Financial Regulatory Reform |
This is a new day. In June of 2009, President Obama called for major reforms as we were desperately trying to climb from the depths of the financial crisis. And we've achieved the vast majority of his goals. I was proud to be a conferee to the Dodd-Frank Wall Street Reform and Consumer Protection Act. With this package the conference approved on June 28, Congress is close to the finish line to enacting the most comprehensive financial reform since the Depression.
We have established a Consumer Financial Protection Bureau; we've established a Systemic Risk Council for regulators to oversee all aspects of the financial system; we've required that banks can no longer trade for their own accounts; we’ve strengthened investor protections; we’ve brought transparency to the derivatives market; and we've created a mechanism to wind down troubled financial institutions so that taxpayers never have to be on the hook again.
It's not just consumers who will benefit. We've required that the Federal Reserve establish fairer interchange rates charged for debit cards-- that are more in line with the actual cost of processing a transaction. That will help small businesses all across America-- the engine of job growth.
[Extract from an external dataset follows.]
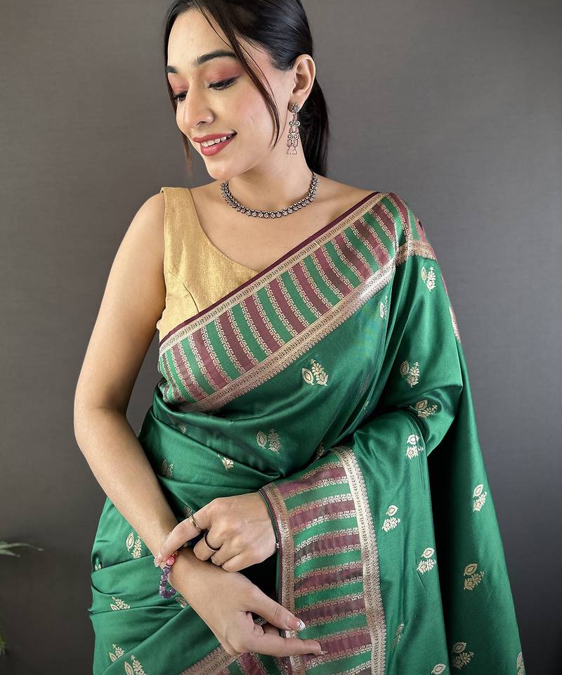 | Product Description | Wrap Yourself In The Lush Charm Of Emerald Dreams With This Green Lichi Silk Jacquard Zari Woven Motifs Banarasi Saree A True Standout In Women’s Ethnic Wear That’s Set To Top Mirraw’s Home Page Searches. Crafted From Smooth, Premium Lichi Silk With Rich Jacquard Weaving, This Saree Glows In Regal Green With Shimmering Zari Motifs That Capture Tradition And Trend In Every Fold. It’s Not Just A Saree It’s Your Next Trending Fashion Moment That Feels Both Heritage‑Rich And Effortlessly Chic.
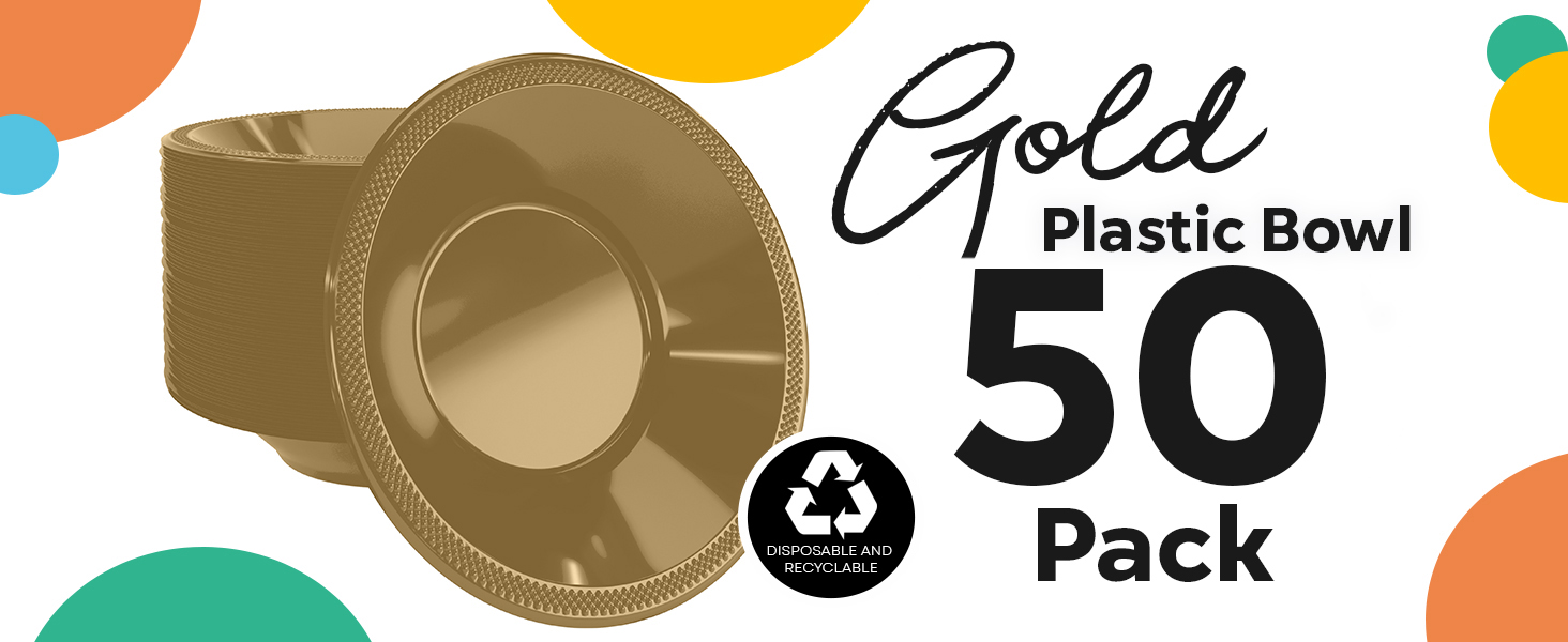 أساسيات الحفلات: هذه الأوعية البلاستيكية الذهبية التي تستخدم لمرة واحدة للحفلات ضرورية للوازم المنزلية الورقية والبلاستيكية. تم تصميم هذه الأوعية المخصصة للحفلات التي تستخدم لمرة واحدة لرفع مستوى تجربة تناول الطعام. استخدمها كأوعية حبوب للاستعمال مرة واحدة أو أوعية يمكن وضعها في الميكروويف، فهذه الأوعية شديدة التحمل للحساء الساخن التي تستخدم لمرة واحدة ستلبي بالتأكيد احتياجات حفلتك.

I'm glad to have worked with Sen. Durbin on interchange fees to work out compromise language representing a balanced approach that addresses concerns by merchants about high interchange fees, and the financial industry’s concerns that fees will be set too low to allow institutions to cover the cost of providing critical banking services.
The compromise language continues to enable those who don’t have access to traditional banking services to use pre-paid debit cards and ensures that state governments will continue to be able to distribute public benefits on debit cards.
As President Obama has said, everyone has a stake in financial reform: whether you’re a family trying to buy your first house, a parent trying to fund your child’s education, an employee trying to save for retirement, or an entrepreneur trying to expand your business.
I agree with Sheila Bair at the FDIC when she says these new rules end "too big to fail." We've made sure that it's the risk-takers, not the taxpayers, who take the hit when something goes wrong.